Толстяк Чарли извлек из кармана огрызок карандаша и скомканный клочок бумаги, разгладил лист и нацарапал на нем: «Для „Голубой рапсодии“ у нас слишком мало скрипок. Какие другие вещи хотела бы сыграть?»
Мне бы, дуре, выбрать что-нибудь хорошо разученное, типа «Базен-стрит» или «Вилли-Нытик», что-нибудь из этого ряда, но меня понесло, и я написала Толстяку Чарли на бумаге программу из девяти-десяти произведений, которые были у меня, что называется, на слуху, не более того.
– Позвоню, передам текст в типографию, – сообщил негр. – Как тебя зовут?
– Марианна… Мэри Хокинс. – Я-то не взяла на самом деле фамилию Джеффа, но сочла, что печатать свою фамилию на афишах – не слишком остроумно.
– У тебя есть с собой фото, которое мы могли бы использовать? – спросил Толстяк Чарли.
– Давайте обойдемся без портрета. И не нужно интересоваться, почему «без». – Я была уже не в состоянии лгать, а выкладывать правду о Джеймсе не могла.
– Ладно. Все путем, – согласился Толстяк Чарли. – Загадочная леди из космоса. Пятьсот за ночь, нормально?
Я бы сама ему тысячу заплатила за то, что давал мне шанс приобрести такой бесценный опыт.
– Прекрасно, – сказала я. – Когда начало?
– В восемь. Или в девять. Вкалываем до трех ночи.
Он поднялся из-за столика и потопал к телефону заказывать афиши. Я допила джулеп и пошла бродить по городу. Надо было привести нервы в порядок. Дождь кончился.
Итак, вот какой фортель выкинула судьба! Оказывается, я явилась на Землю, чтобы стать солисткой в диксиленде. В нашем школьном оркестре лучшим кларнетистом считалась не я, был там один парень. Дорого бы я дала за то, чтоб увидеть его сегодня в зале!

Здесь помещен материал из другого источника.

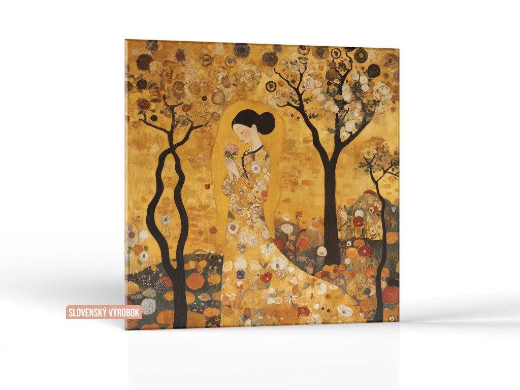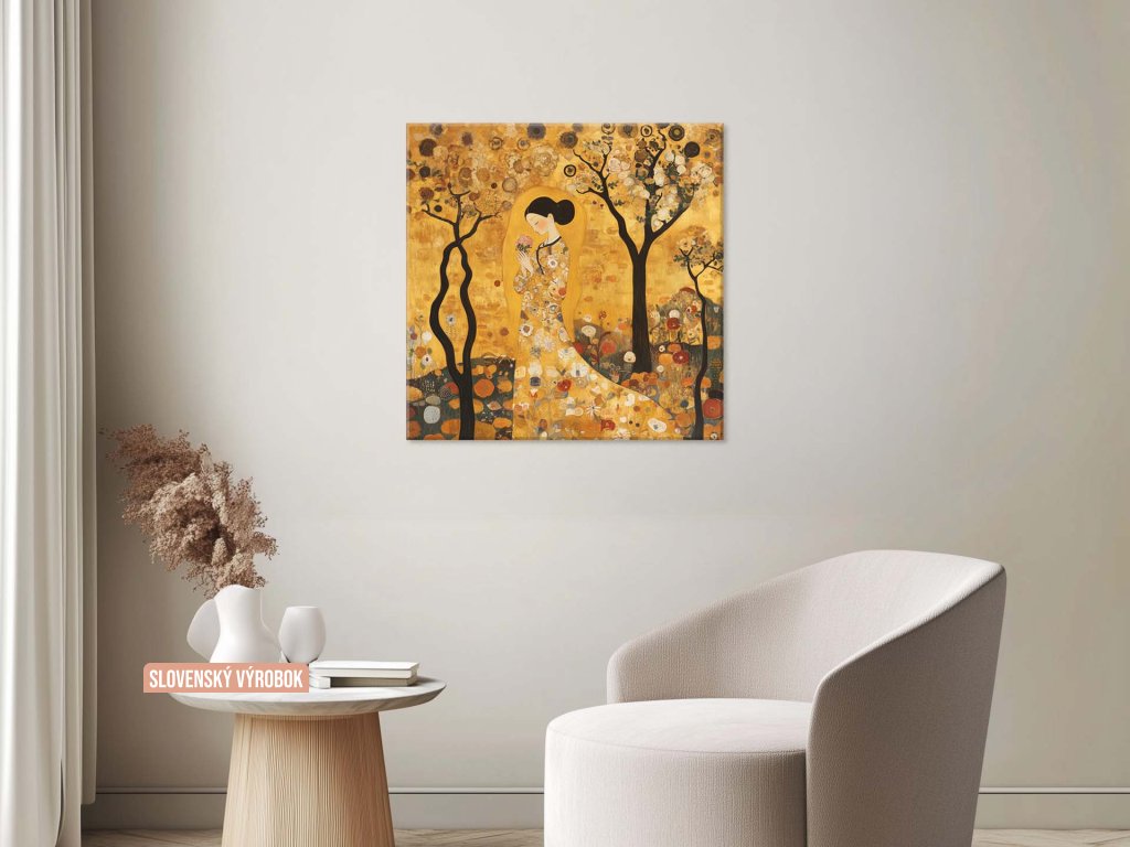 Obraz zobrazuje éterickú ženu obklopenú prírodou, zahalenú v šatách bohatých na zlaté ornamenty a kvetinové vzory. Zlaté pozadie a jemné detaily vytvárajú snovú atmosféru, kde sú stromy a kvety súčasťou harmónie medzi človekom a prírodou. Kompozícia vyniká eleganciou a ladnosťou, pričom zdôrazňuje jemnosť a krásu ženskosti.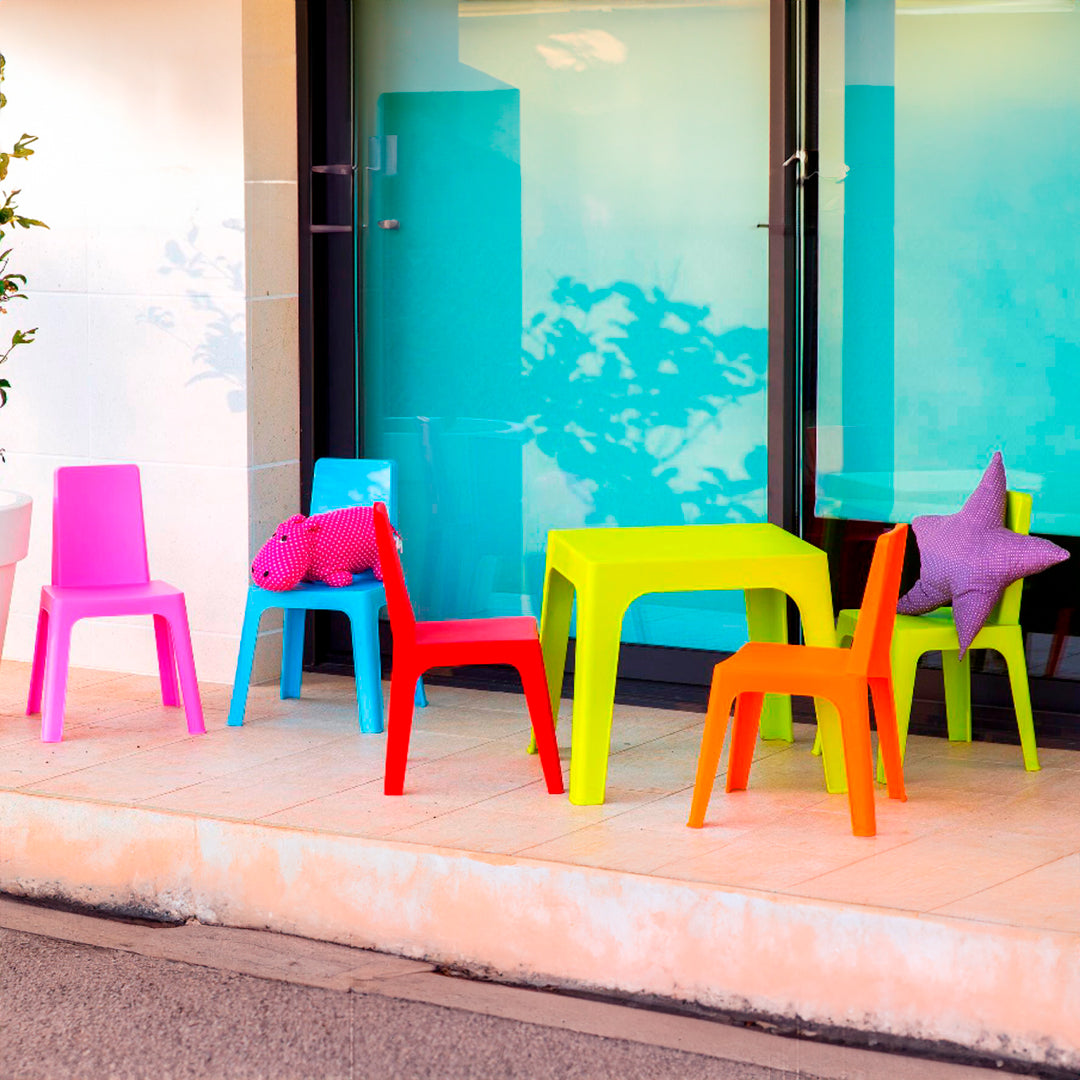 The Julieta children's play set , consisting of an orange table and four chairs, is perfect for classrooms, nurseries, and school playgrounds . This set offers children a safe, comfortable, and colorful space where they can interact, learn, and enjoy playtime.

Я вышла на набережную, к реке. Хотелось посмотреть на закат над Миссисипи. Потом меня потянуло в кафе, приглянувшееся нам с Джеффом, в старое кирпичное здание, где посетителям подавали кофе с бежнетами – жареными хлебцами, посыпанными сахарной пудрой. Здесь готовили отличный кофе, крепкий, с цикорием и густыми сливками. Я чувствовала в душе необыкновенный подъем, меня переполняли одновременно и печаль, и радость. Я жила в предчувствии великого праздника. Я исходила Французский квартал вдоль и поперек, то мыча, то насвистывая мелодии, которые мне предстояло исполнять. К слову, в Новом Орлеане полузабытые мелодии быстро восстанавливаются в памяти.
На Бурбон-стрит я вдруг поняла, что дико проголодалась. Меня потянуло съесть что-нибудь рыбное. В ресторане я заказала себе лангусты, диковинные морские существа с длиннющими конечностями, и была сражена, когда официантка поставила передо мной блюдо, на котором высилась целая гора еды – черно-красная экзотика, морской рак. Официантка научила меня, как обращаться со щипцами. Вся «изюминка» заключалась в тонкой полоске мяса, которую я доставала из клешни при помощи специальных щипчиков. Изысканнейшая еда!
Еще час я убила, шатаясь по улице, заглядывая в заведеньица, из дверей которых звучал джаз, и приворовывая у музыкантов технические приемы и идеи. Потом я вернулась к Толстяку Чарли. Пока я дошла до бара, мне на глаза попалось не менее дюжины афиш с моим именем, набранным крупным шрифтом.
А в зале яблоку некуда было упасть. У стойки чувствовалось особенное оживление. Посасывая коктейли, люди подпирали стены зала и терпеливо ждали моего выхода на сцену. Неожиданно передо мной возник сам Толстяк Чарли и положил свою тяжелую руку мне на плечо.
– Зал битком набит, девочка, – прошептал он. – И все они приперлись сюда, дабы поглазеть на тебя.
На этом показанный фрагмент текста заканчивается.